Dallas-Arbiter designed their own cumbersome tom holder too, which might well have looked good on the drawing board, but in reality was something of a nightmare. A flat, curved and slotted rail was jacked up a little above the bass drum shell and to this was attached the body of the cast tom holder itself. This was fitted with not one, but two ratchets and by judicious use of both you could actually have exceedingly limited horizontal height adjustment. A radial-toothed block was fixed to the tom which mated with a ratchet on the holder to maintain its playing angle, and very large capstan nuts locked tom to holder and holder to bass drum rail. These capstans had an annoying tendency to crush your fingers against the drum and were neither particularly stable nor hard wearing. But at the time, it was the best around. Hayman spurs were modelled on Ludwig type outrigger designs, but with large, cast circular holder blocks which matched the nut boxes and also located the tom legs. Hayman's 'lightning-bolt' bass drum tensioners were the first that were ergonomically designed to ease operation – they were shaped to accommodate the thumbs better.

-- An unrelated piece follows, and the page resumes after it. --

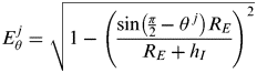 $E_\theta ^{\,j} = \sqrt {1 - \left( {\displaystyle{{\sin \left( {{\textstyle{\pi \over 2}} - \theta ^{\,\,j}} \right)R_E} \over {R_E + h_I}}} \right)^2} $ is the elevation mapping function (Liu and Xie, Reference Liu and Xie2001), θ is the satellite elevation angle, R E is the average radius of the Earth and h I is the height of the main electron concentration in the ionosphere. Mapping the STEC to the vertical, each measurement from high elevation satellites should yield approximately the same TEC values assigned to the location above the site of the receiver. So we assume a single vertical total electron content (VTEC). An equation set can be obtained for each epoch:

The Dallas-Arbiter company also produced pretty good double-braced, tripod-based stands and pedals called Speedamatic, which were actually a lot more substantial and sophisticated than the majority of their competition. They're no doubt still seeing service in drum sets almost a quarter of a century after their conception. The snare stand was the first in Britain to use a basket-holding mechanism while the wide, industrial-fibre-belted bass pedal and double-sprung hi-hat (both featuring easily adjustable springs) were particularly were worthy. They were more rugged than just about anything else on the market, although the extremely chunky, scalloped cast screws which arrested all the adjustable bits did leave something to be desired.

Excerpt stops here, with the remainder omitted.